An exact transcription of the entries is required, with no images included.
__________
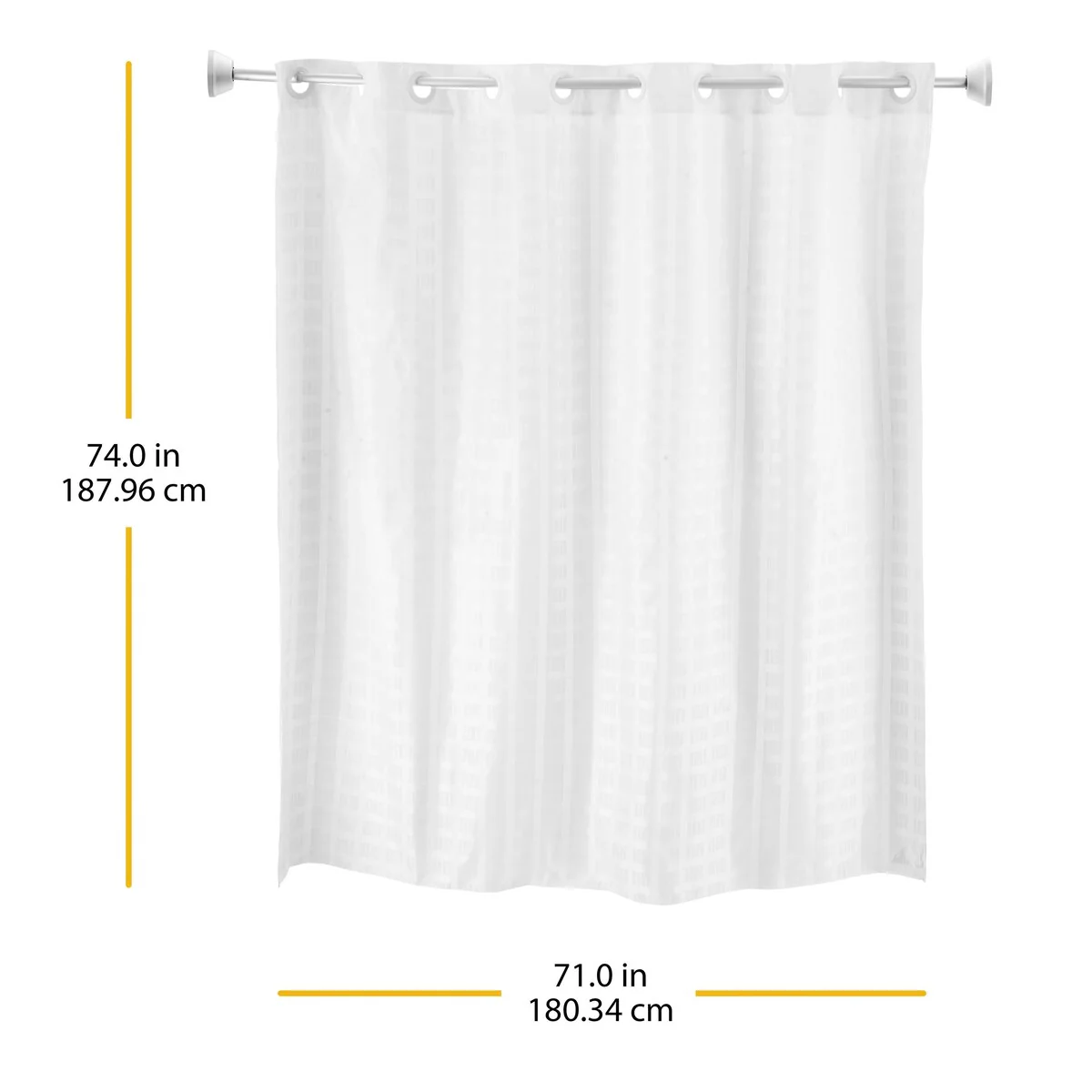 Whitmor No Hook Split Ring Shower Curtain w/No Snap Liner, 71" x 74"
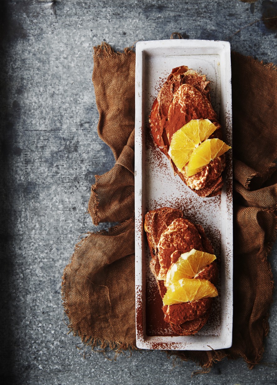 3. Lusikoi kaakaojauhe siivilään ja tomuta rahkan päälle. Koristele appelsiinirenkaiden puolikkailla.
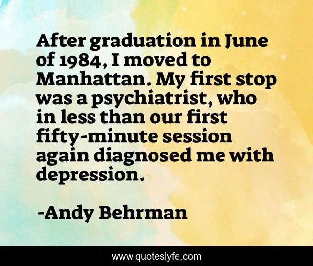 This page presents the quote "After graduation in June of 1984, I moved to Manhattan. My first stop was a psychiatrist, who in less than our first fifty-minute session again diagnosed me with depression.". Author of this quote is Andy Behrman. This quote is about me, stop, depression,.
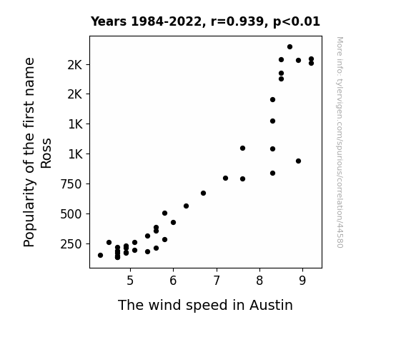 This means 88.2% of the change in the one variable (i.e., The wind speed in Austin) is predictable based on the change in the other (i.e., Popularity of the first name Ross) over the 39 years from 1984 through 2022.
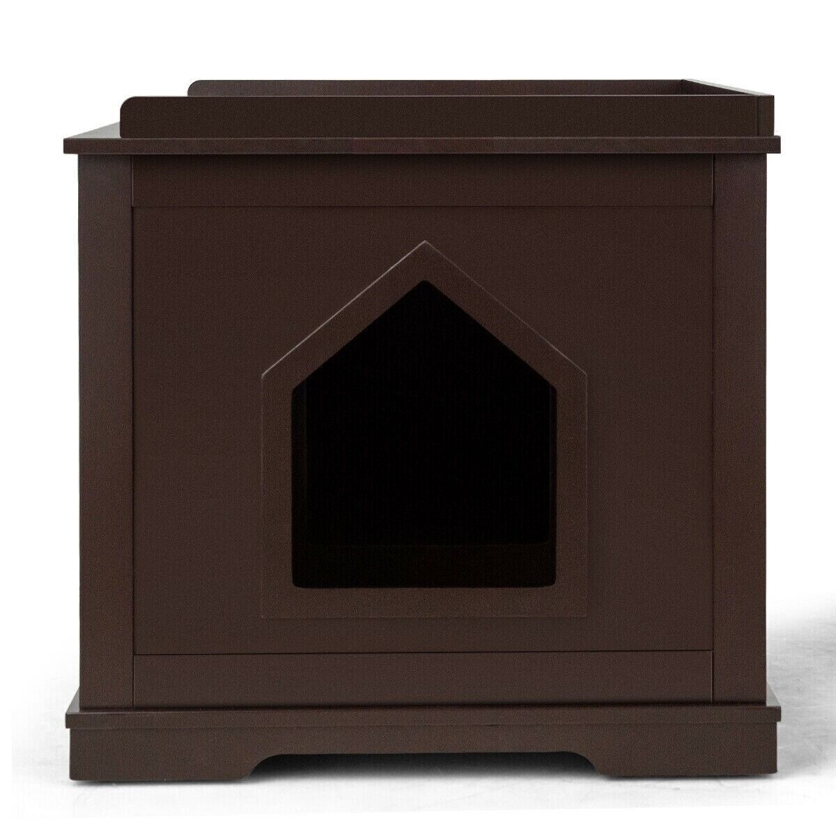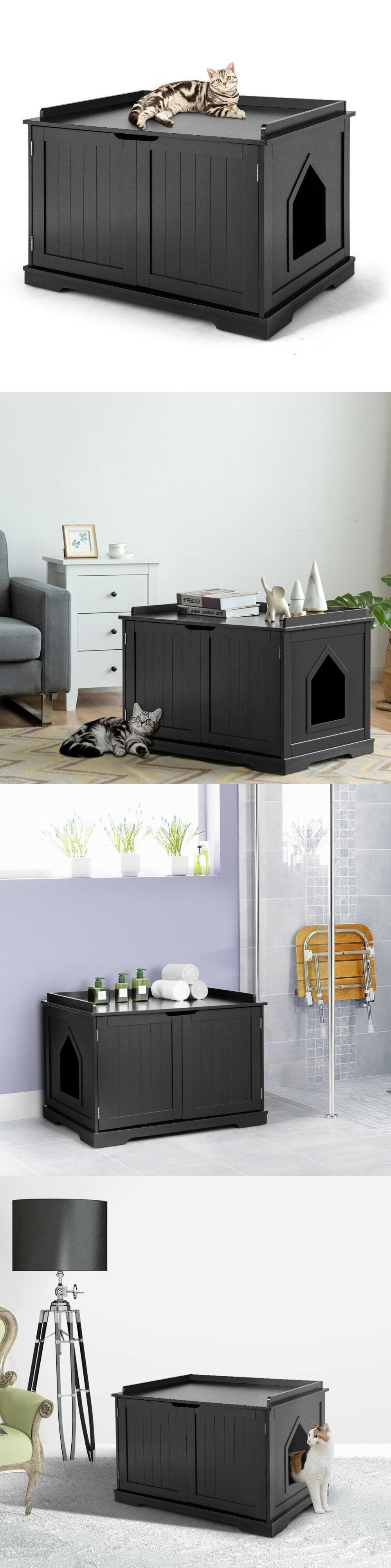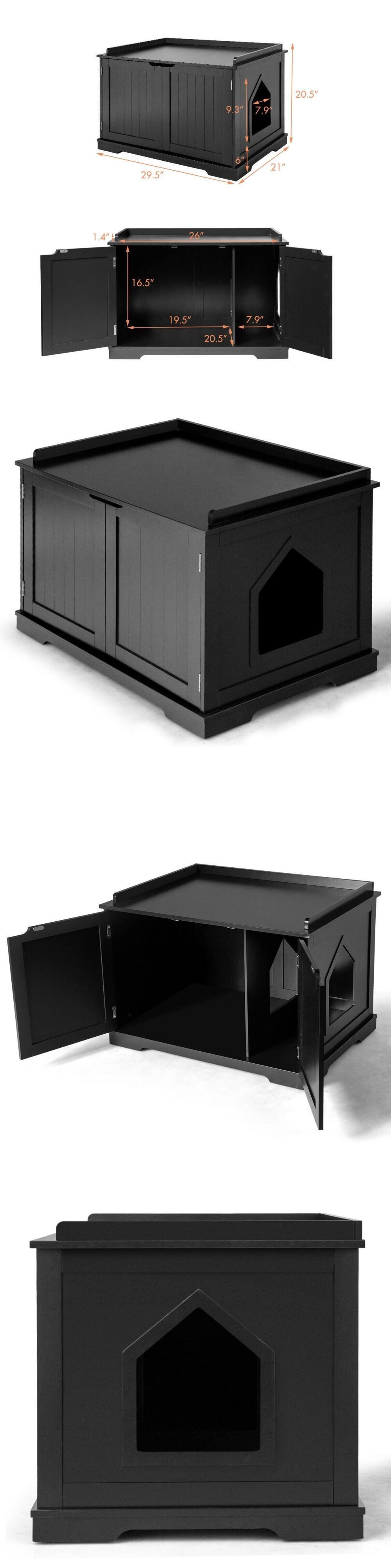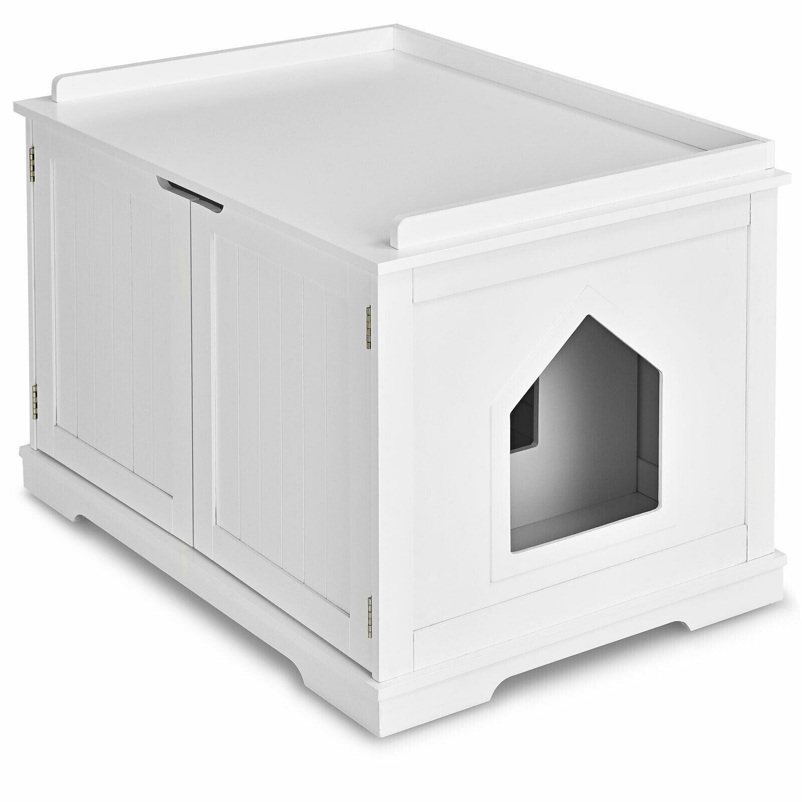 頑丈な木製猫用ベッドパン トイレ エンクロージャー 両開きドア付き 大型猫とキティハウス 猫穴 マグネットドア HW65619
__________
*SOLUTION TO THIS PROBLEM*.
 Whitmor No Hook Split Ring Shower Curtain w/No Snap Liner, 71" x 74"
 3. Lusikoi kaakaojauhe siivilään ja tomuta rahkan päälle. Koristele appelsiinirenkaiden puolikkailla.
 This page presents the quote "After graduation in June of 1984, I moved to Manhattan. My first stop was a psychiatrist, who in less than our first fifty-minute session again diagnosed me with depression.". Author of this quote is Andy Behrman. This quote is about me, stop, depression,.
 This means 88.2% of the change in the one variable (i.e., The wind speed in Austin) is predictable based on the change in the other (i.e., Popularity of the first name Ross) over the 39 years from 1984 through 2022.
 頑丈な木製猫用ベッドパン トイレ エンクロージャー 両開きドア付き 大型猫とキティハウス 猫穴 マグネットドア HW65619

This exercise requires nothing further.